To add TS corrections to this calculation, we add the following options to the input file:
vdw_type = ts vdw_rcut = 15. vdw_sr = 0.94 vdw_d = 20. vdw_c6_ref = 27.8 ! eV * Angstrom^6 vdw_r0_ref = 1.9 ! Angstrom vdw_alpha0_ref = 1.778 ! Angstrom^3
The reference values *_ref are element specific. Some defaults (including C) are implemented in TurboGAP, and you do not need to specify these tags for those atomic species unless you want to change the default values. Refer to the original TS paper for a discussion about these values.[3]
Adding anisotropic barostating
To let the lattice vectors change differently along the three Cartesian dimensions (but using the same target pressure, coupling constant and compressibility factor), change barostat_sym = iso to barostat_sym = diag.

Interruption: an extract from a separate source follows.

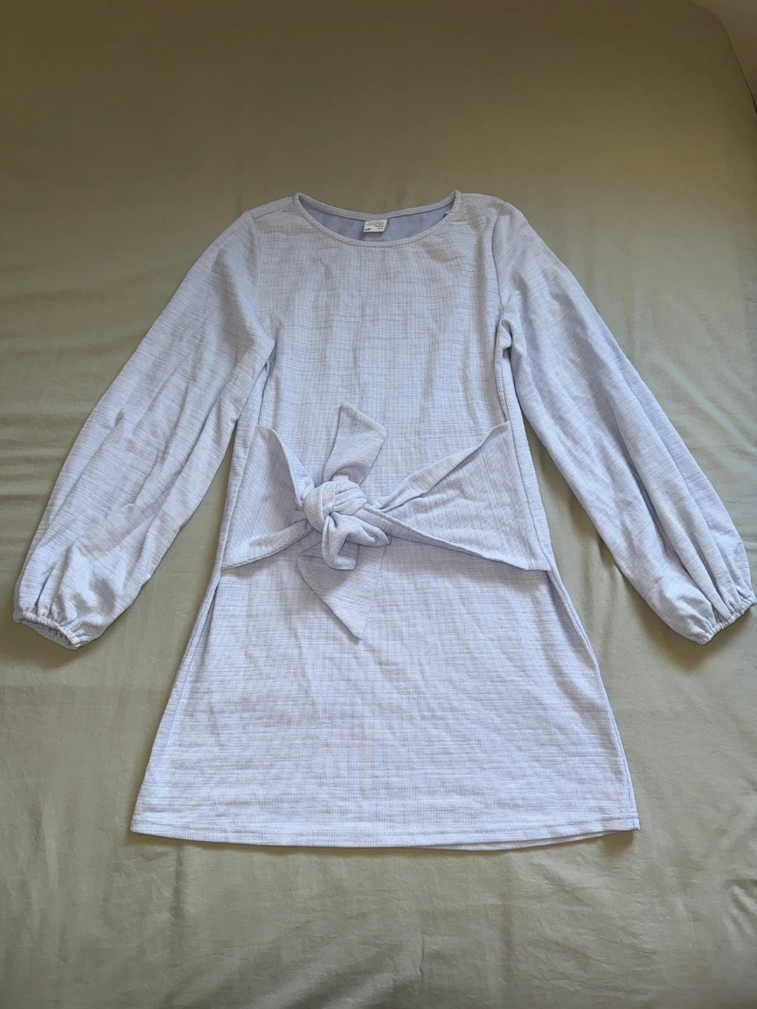 Here's a lovely light blue mini dress with long sleeves! It features a tie at the waist for a flattering fit. Perfect for a casual day out or a special occasion
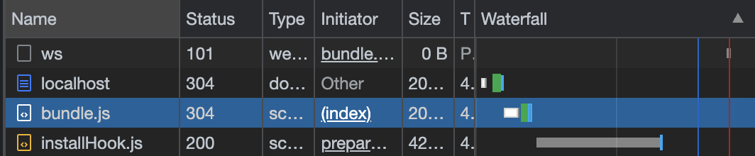 개발자 도구의 network 탭에 가면 메모리에 저장되어 있는 bundle.js가 보인다. 파일 입출력보다 메모리 입출력이 더 빠르고 자원이 덜 사용되어 효율적이다.

Comparing the different simulations
By enabling/disabling vdW corrections and the use of an isotropic or an anisotropic barsotat we have four possible combinations. By comparing them we can shed some light on the effect of the different simulation parameters on the results, with the big caveat in this tutorial that for disordered materials it is necessary to perform configurational sampling to obtain meaningful statistics. I.e., one needs to run several simulations per combination of parameters, changing the random seed for generating the initial structure (positions, velocities, or both).
As we can see in the graphs, the anisotropic barostating stabilizes the system with and without vdW corrections, but it stabilizes it more in the presence of vdW corrections. This is because the simulation box size can be optimized along the direction of stacking of the graphitic layers. In the absence of vdW interactions, the high temperature during the graphitization step allows for a significant expansion of the simulation box along the layer-stacking direction when anisotropic barostating is enabled.
Reference list
- ↑ H. Muhli and M.A. Caro. GAP interatomic potential for C60. Zenodo: 10.5281/zenodo.4616343 (2021).
- ↑ H. Muhli, X. Chen, A.P. Bartók, P. Hernández-León, G. Csányi, T. Ala-Nissila, and M.A. Caro. Machine learning force fields based on local parametrization of dispersion interactions: Application to the phase diagram of C60. Phys. Rev. B 104, 054106 (2021).
- ↑ 3.0 3.1 A. Tkatchenko and M. Scheffler. Accurate Molecular Van Der Waals Interactions from Ground-State Electron Density and Free-Atom Reference Data. Phys. Rev. Lett. 102, 073005 (2009).
- ↑ A. Tkatchenko, R.A. DiStasio Jr, R. Car, and M. Scheffler. Accurate and efficient method for many-body van der Waals interactions. Phys. Rev. Lett. 108, 236402 (2012).